Now, with all the media casting about hourly for something new to show us, we have created a self-perpetuating “outrage machine”.  It is hard to come up with anything so banal and generally acceptable that you can’t find someone, somewhere shrieking with the abiding butthurt of agonizing victimhood.  Everything offends someone, and that very offense is sure to offend someone else, which leads to a mad, squirrel-like scurrying about to announce and then to denounce the latest outrage, every one of which is the most appalling, offensive act in human history, until the next one eclipses the previous outrage and the squirrels drop that nut in order to scurry about, outraged by some newly egregious offense.

All of which brings us to a new video game release by Electronic Arts, a warfare simulation called “Medal of Honor”.  And what has this game, set in Afghanistan, done to earn the panicked opprobrium of flag-draped patriots from Fox news to the Armed Forces commissary system?  Why, it allows players to play either as American or Taliban forces.  A war simulation that allows the game to be played from the viewpoint of either side?  Unprecedented outrage, they shriek.  Only they're wrong. When I was a young man, I had a board game that simulated the battle for the Normandy beachhead we call D-Day.  Playing the Nazi’s side wasn’t an option - as it was a two-player game, it was a necessity.  That’s right, in order to play the game SOMEBODY, some wholesome young American male had to be the German forces, fighting to push the American invasion into the sea.  Oddly, I can’t remember anyone who was shocked by this, or really, anyone who even thought it was odd or problematic.

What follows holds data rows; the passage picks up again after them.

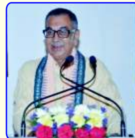
Shri K.P. Singh Deo, Former Parliamentarian and Union Minister of India
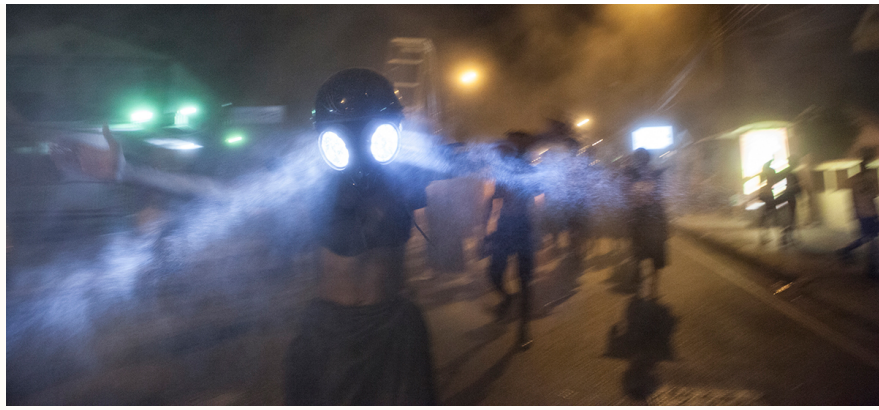
Marlon Griffith, POSITIONS + POWER, 2014.

EN MAS': Carnival and Performance Art of the Caribbean explores the influences of Carnival on performance art in the Caribbean, North America, and Europe and considers a history of performance that does not take place on the stage or in the gallery but rather in the streets, addressing not the few but the many. Nor does EN MAS' trace its genealogy to the European avant-gardes of the early twentieth-century but rather to the postcolonial cultural and political transformations that shaped modern Caribbean society.
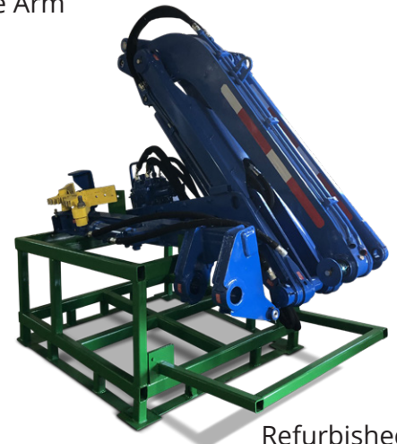
Refurbished Heil Arm
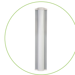
Sector antennas: 90 and 120 degrees
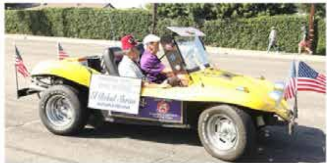
Yellow 1961 Volkswagen $5,000
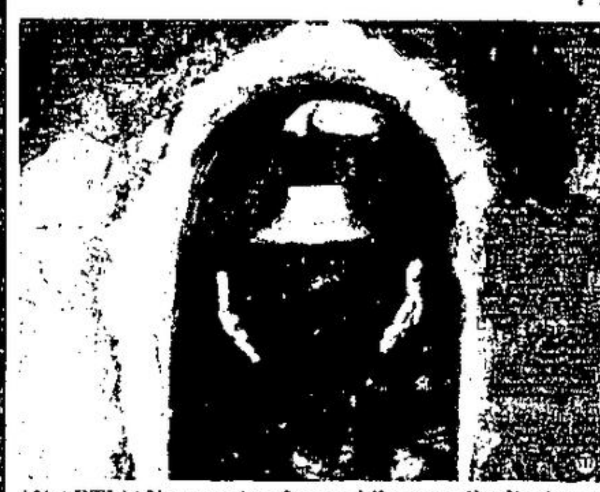
AN ARTISAN emerging from a kiln proudly displays a finely crafted piece of ceramic-ware, delicately incised with wavy lines.
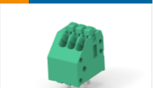
TE Part #1-2834021-3 3POS 2.5MM TES CONN.
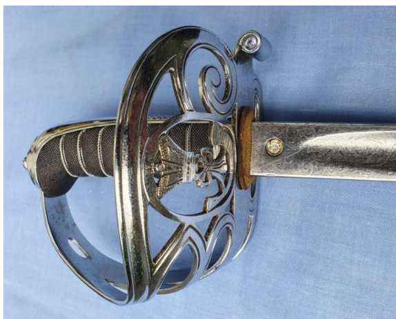
Plate 46. Type 6, circa 1892.
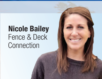
Nicole Bailey Fence & Deck Connection

retreat just steps from your door! Whether you have a fenced-in backyard or a spacious deck, consider the following tips on transitioning your outdoor space from summer sanctuary to an autumn oasis.
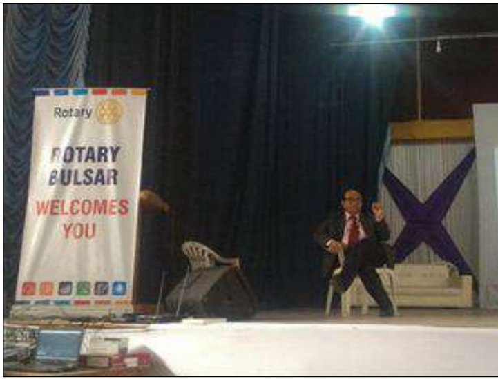
SEX AWARENESS & IT'S MYTH SEMINAR
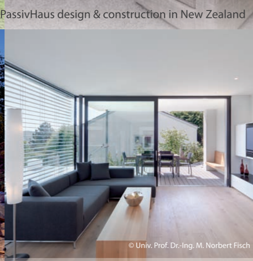
First Net-Plus-Energy House with electricity load management and e-mobility · Stuttgart · Germany
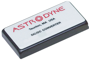
Unit measures 1"W x 2"L x 0.4"H
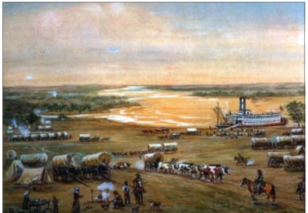
Forty-niners disembarking a river steamer at St. Joseph, Missouri.

At St. Joseph they purchased oxen for their wagons, but soon discovered that the prairie
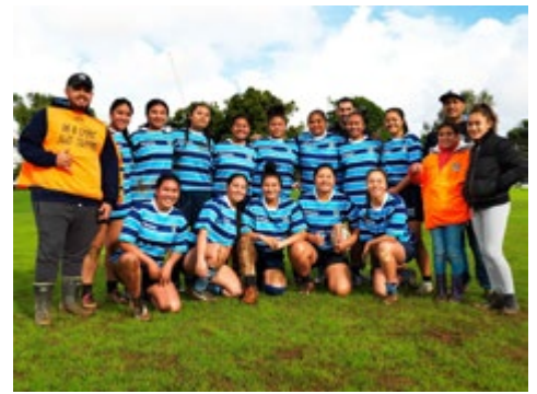
Otahuhu under 15s Girls Nines grade.
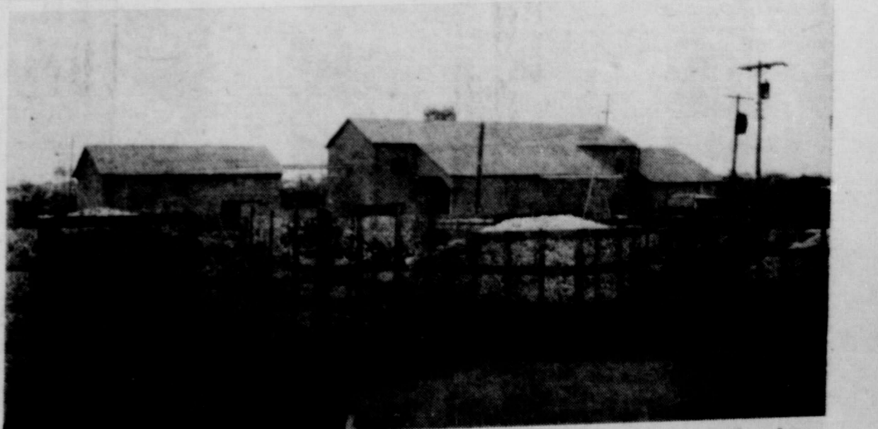
LOTS OF COTTON—Although only a few trailers are visible in the above picture, there were a large number of trailers loaded with cotton waiting to be ginned when this photo was made last Thursday afternoon at the Farmers Co-Op. Gin in Crowell. (News photo)
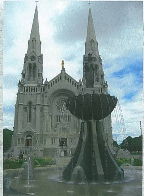
The Basilica of Saint Anne-de-Beaupre, located about 19 miles east of Quebec City has been credited with many miracles curing the sick and disabled.
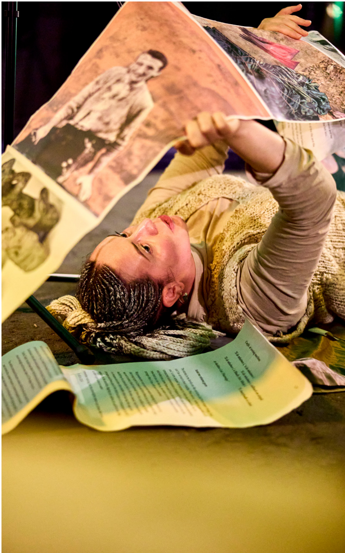
PHOTO: ALICE REKAB LEGACY MATERIALS PERFORMANCE DOCUMENTATION COURTESY OF THE ARTIST AND BRENNIA HORRAX
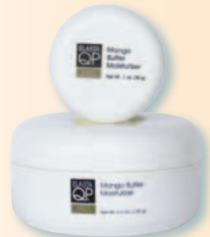
374040 Moisturizer 125 ml + 25 ml
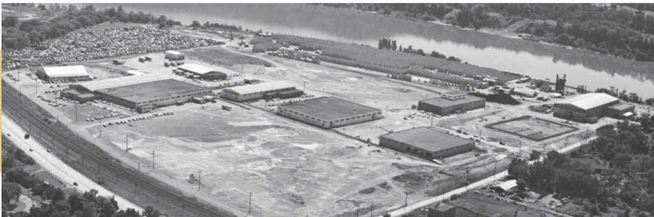
Leetsdale Commerce Park, 1959

metals trading. The Buncher Company's most significant endeavor was and continues to be in the development of industrial and commercial real estate, where it was the first to establish an industrial park in the Pittsburgh region. Since 1954, it has been a prominent investor and developer of high-quality office, distribution, flex, and light-manufacturing facilities for lease. Its list of tenants comes from a wide variety of industries including food service, high-tech, engineering, transportation, banking, and communications, along with various governmental agencies. Tenants range from startup organizations to Fortune 500 Companies.
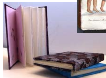
The type of watercolor sketch books that Ardella makes.

Ardella feels that an Artist's Book doesn't have to be filled with beautiful art if you don't have the time
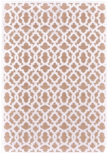
BLUSH / WHITE
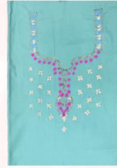
Riptide Suit With Zari Work Price ₹ 2300
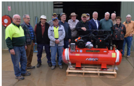
AIR APPARENT: With members of Wagga Wagga Men's Shed, which received $3,750 to buy new equipment, including an air compressor.
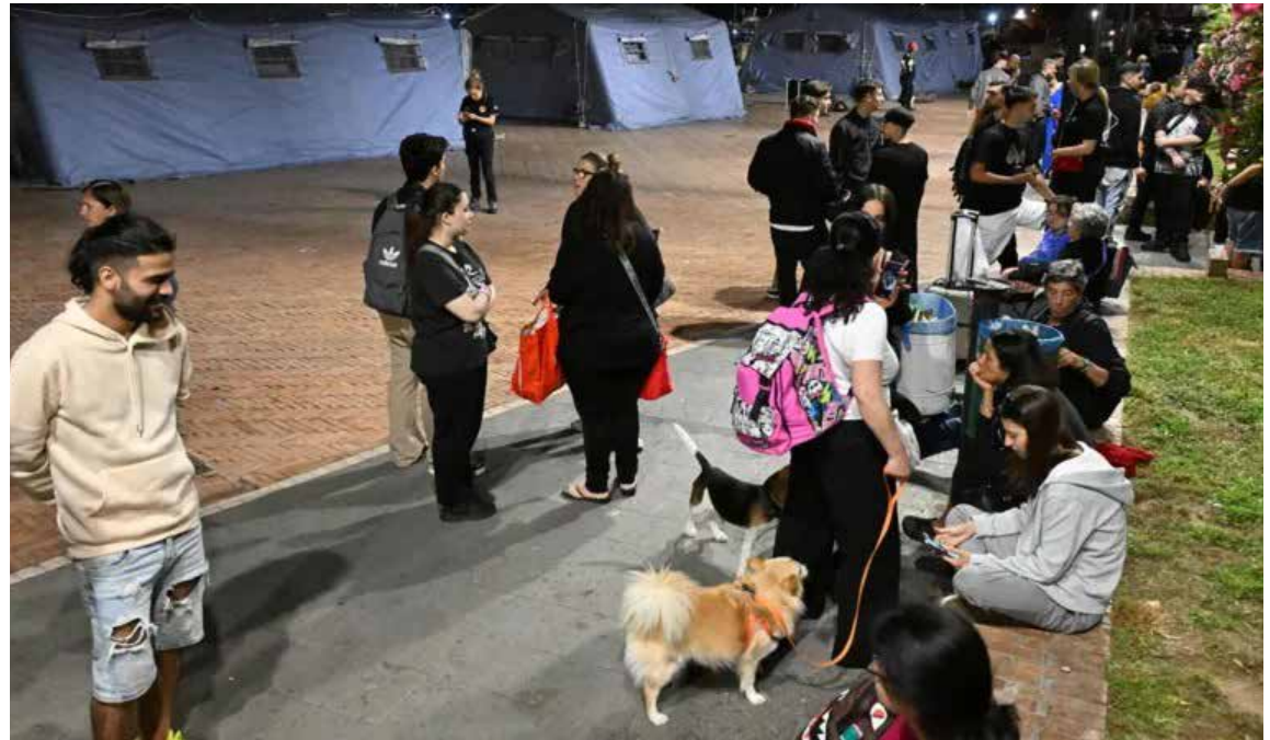
Pozzuoli residents, some with pets, waited out the tremors at camps set up by the Italian government's Civil Protection department.

damage to structures has been reported, some schools in Naples remained shut on Tuesday for inspections - and a women's prison in Pozzuoli was evacuated as a precaution.
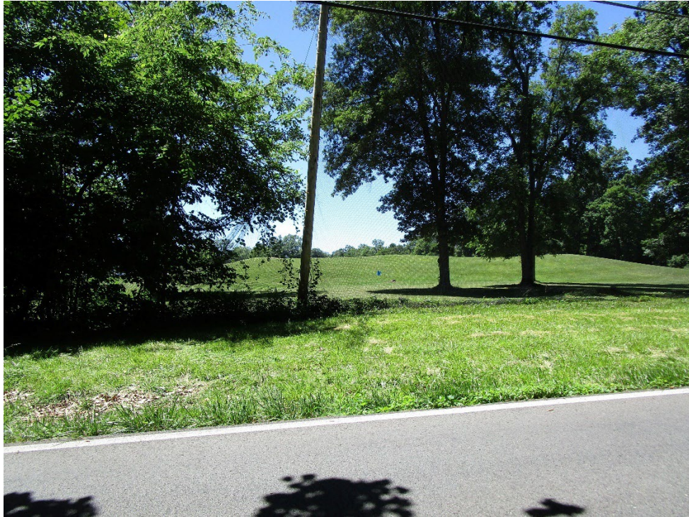
View of site looking west across Knollton Road
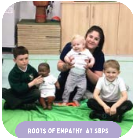
ROOTS OF EMPATHY AT SBPS
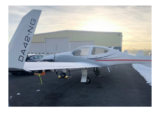
Diamond DA-42 Twinstar Engine Covers
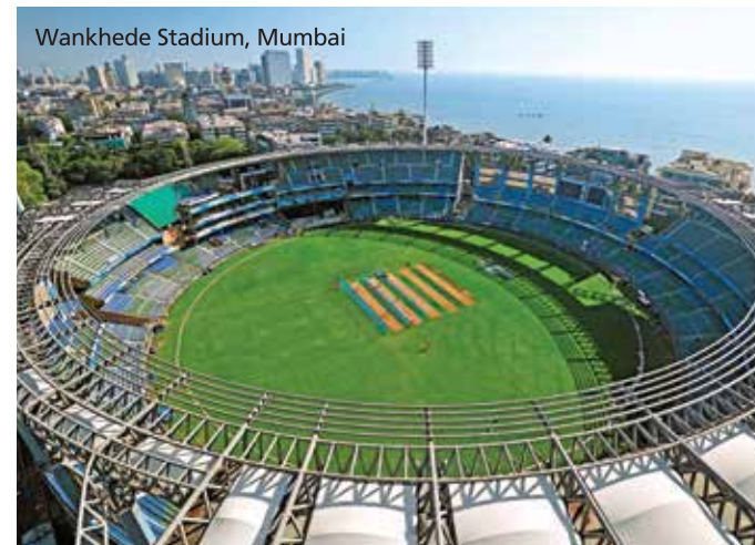
Wankhede Stadium, Mumbai

In a war, there has to be at least two sides.  Any discussion, conversation, simulation or education about warfare by definition MUST include a realistic understanding of the goals and motivations of all sides.  Pretending that there are not dedicated, motivated people who fight against Americans is beyond unrealistic - it is childish in the simplicity of its worldview and provincial, even tribal in the way conflicts involving Americans are viewed.  “But they’re killing Americans!” they scream.  How can they allow the people who play this game as virtual Taliban to kill virtual Americans?  One can only wonder, do they understand that this is happening, in the real world, every day?  Honestly, if you don’t have the stomach for imaginary American casualties, you ought to be out on the barricades every day demanding an end to the war in Afghanistan.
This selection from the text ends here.